In this article, we investigate the problem of discovering the road sequence covered by a bus line using bus stop information as well as historical bus locations where buses had appeared in history (bus location for short). Due to the fact that there usually exist many possible travel paths between two consecutive points of a sparse trajectory (e.g. as large as 300 m between two consecutive points), thus, it is a challenging task to determine which is the traveled one. Most of the existing works try to improve map-matching accuracy for a given trajectory without considering to augment the input trajectory. In this article, we explore new possibility to further optimize map-matching results by producing dense trajectory, which is also a challenging task. We will develop efficient methods to construct dense hybrid trajectories based on the two datasets. The first dataset—that is, bus stop data—has fixed global positioning system (GPS) coordinates and known orders of the bus stops, but the resultant BS trajectory is too sparse to produce correct sequence of road segments of the bus line using existing map-matching algorithm. The second dataset has large volume of historical bus location records where each record has the information of the bus service ID (e.g. bus 179). However, the records do not have the information of bus ID, meaning that it is not known which bus locations belong to the same bus trajectory, because there are usually multiple buses in operation simultaneously along the bus line/service. In other words, the second dataset contains historical bus locations that certainly locate on the bus line but out of order.

To address our problem, we first form a sparse BS trajectory using the ordered GPS coordinates of bus stops, then we strategically select a set of bus locations (where buses had appeared in history) and insert them into the BS trajectory to obtain a dense hybrid trajectory. We develop novel techniques to (1) identify sufficient suitable bus locations from the mass disordered historical bus locations, and (2) determine the proper positions of the BS trajectory in order to insert the identified bus locations. With the obtained dense trajectory, the map-matching algorithm proposed in Koller et al.³ is employed to find the sequence of road segments that are covered by the corresponding bus line. We evaluated our method on real-world bus line data involving more than 400 bus services in Singapore, and the results show that the proposed method achieves remarkable results by comparing with Baidu Map.

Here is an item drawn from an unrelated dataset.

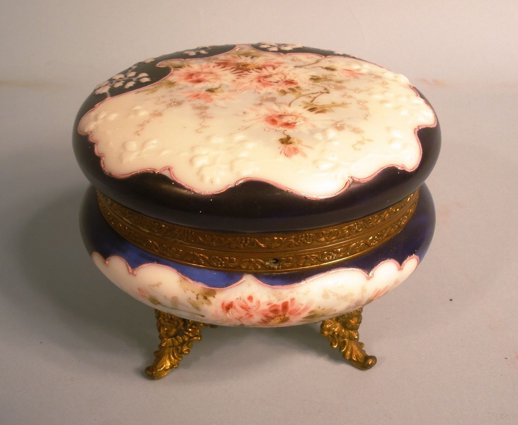 Large C. F. Monroe Gilt-Brass-Mounted Wave Crest Footed Glass Locked Jewel Box, fourth quarter 19th century, with cobalt blue ground and floral decoration, the base fully marked, h. 5", dia. 7". For a similar Wave Crest locked jewel box, see W. R. Cohen, Wave Crest, The Glass of C. F. Monroe, Collector Books, 1987, page 90. Large C. F. Monroe Gilt-Brass-Mounted Wave Crest Footed Glass Locked Jewel Box, fourth quarter 19th century, with cobalt blue ground and floral decoration, the base fully marked, h. 5", dia. 7". For a similar Wave Crest locked jewel box, see W. R. Cohen, Wave Crest, The Glass of C. F. Monroe, Collector Books, 1987, page 90.

The remainder of the article is organized as follows. The “Related works” section discusses the related works. The “Preliminary” section introduces important definitions and preliminary knowledge on Hidden Markov Model (HMM) for map matching. The “Data representation and problem formulation” section discusses the used datasets, the problem description as well as the proposed method. In the “Case study” section, a case study is presented to demonstrate and verify the proposed approach. The performance of the proposed approach is evaluated in the “Experimental results and analysis” section. The “Conclusion and further work” section concludes the article and discusses future work.

Related works

Since we are not aware of any reported works that address the same problem considered in this article, in this section, we review related works that can be categorized into the following two categories.

Map-matching algorithms

A large number of map-matching algorithms have been reported to map a trajectory (sequence of GPS points) to road networks. In the early stage, the closeness (between trajectory points and road network nodes from GPS data)⁴ and the shape of the road segments are used as the imported features to map a trajectory point to a road segment.⁵ However, urban areas typically have dense road networks, and the closest road segment may not always be the correct one to match with⁶ thus, the connectivity of road segment is also considered to reduce the errors of map matching,⁷ which is typically known as a topological map-matching algorithm when it utilizes the geometry and the connectivity of the road segments. These algorithms considering the connectivity of the road network usually model the constraints with speed, travel time, or shortest path distance to filter out outliers in order to obtain better results.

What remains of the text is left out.